Data to use ->
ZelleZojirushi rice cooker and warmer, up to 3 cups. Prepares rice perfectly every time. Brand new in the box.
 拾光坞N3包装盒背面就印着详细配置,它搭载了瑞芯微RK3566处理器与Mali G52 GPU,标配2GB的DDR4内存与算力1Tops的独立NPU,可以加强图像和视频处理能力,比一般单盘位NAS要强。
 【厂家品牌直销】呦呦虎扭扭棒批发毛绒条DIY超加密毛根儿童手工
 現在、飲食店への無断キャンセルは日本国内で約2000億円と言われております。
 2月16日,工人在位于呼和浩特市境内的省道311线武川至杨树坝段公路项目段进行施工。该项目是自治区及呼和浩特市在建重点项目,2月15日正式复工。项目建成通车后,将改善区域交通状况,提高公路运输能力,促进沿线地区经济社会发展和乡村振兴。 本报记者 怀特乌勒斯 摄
* * *
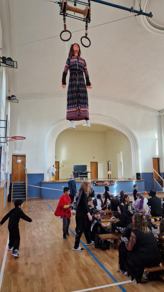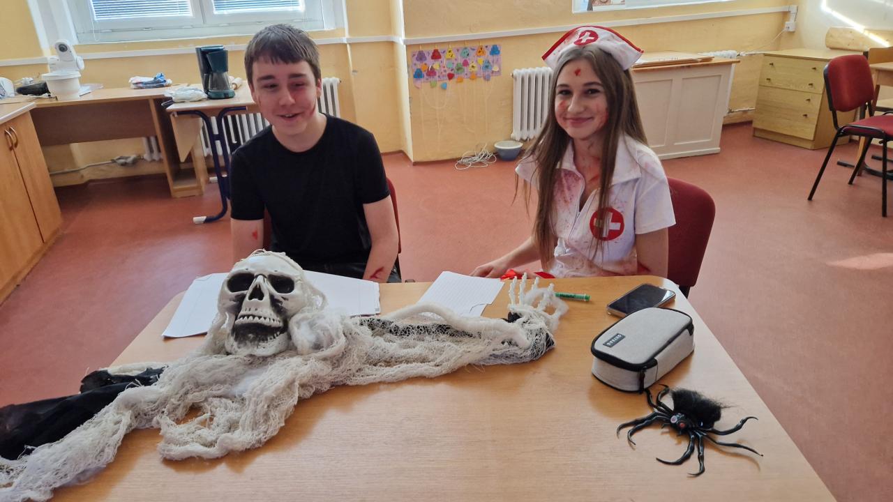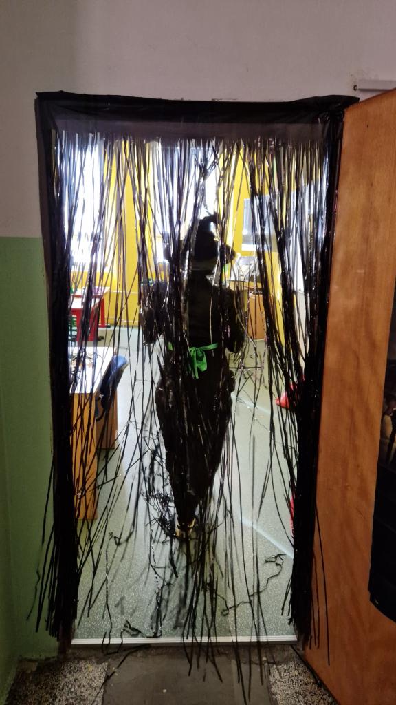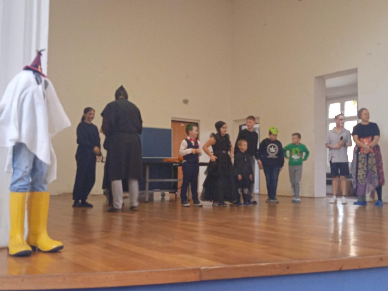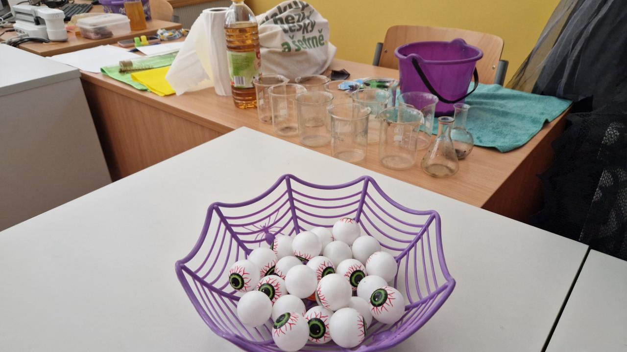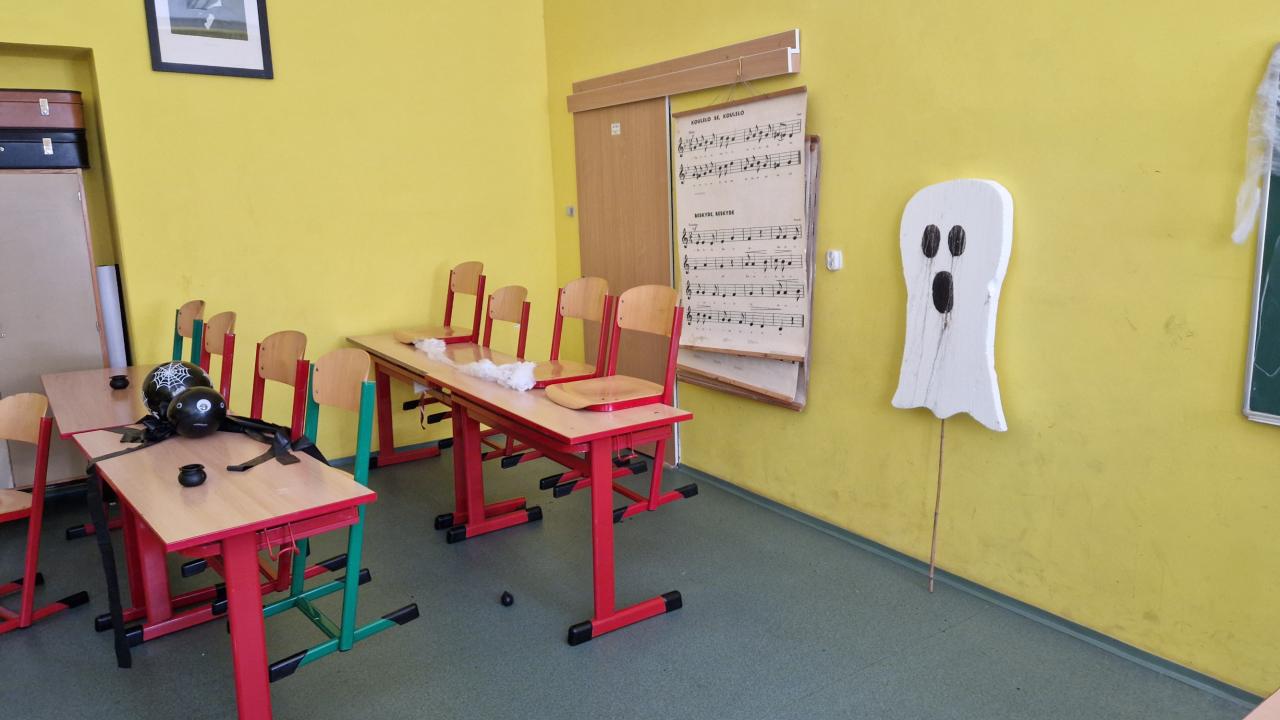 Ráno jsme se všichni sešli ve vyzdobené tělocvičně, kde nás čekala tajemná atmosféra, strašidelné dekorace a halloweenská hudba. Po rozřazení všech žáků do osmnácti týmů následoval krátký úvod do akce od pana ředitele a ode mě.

Work instructions -> A word-for-word copy of the lines above from the one with "ZelleZojirushi rice cooker" through the one with "本报记者 怀特乌勒斯 摄", inclusive, is the only output wanted.

Result for this exercise ->
ZelleZojirushi rice cooker and warmer, up to 3 cups. Prepares rice perfectly every time. Brand new in the box.
 拾光坞N3包装盒背面就印着详细配置,它搭载了瑞芯微RK3566处理器与Mali G52 GPU,标配2GB的DDR4内存与算力1Tops的独立NPU,可以加强图像和视频处理能力,比一般单盘位NAS要强。
 【厂家品牌直销】呦呦虎扭扭棒批发毛绒条DIY超加密毛根儿童手工
 現在、飲食店への無断キャンセルは日本国内で約2000億円と言われております。
 2月16日,工人在位于呼和浩特市境内的省道311线武川至杨树坝段公路项目段进行施工。该项目是自治区及呼和浩特市在建重点项目,2月15日正式复工。项目建成通车后,将改善区域交通状况,提高公路运输能力,促进沿线地区经济社会发展和乡村振兴。 本报记者 怀特乌勒斯 摄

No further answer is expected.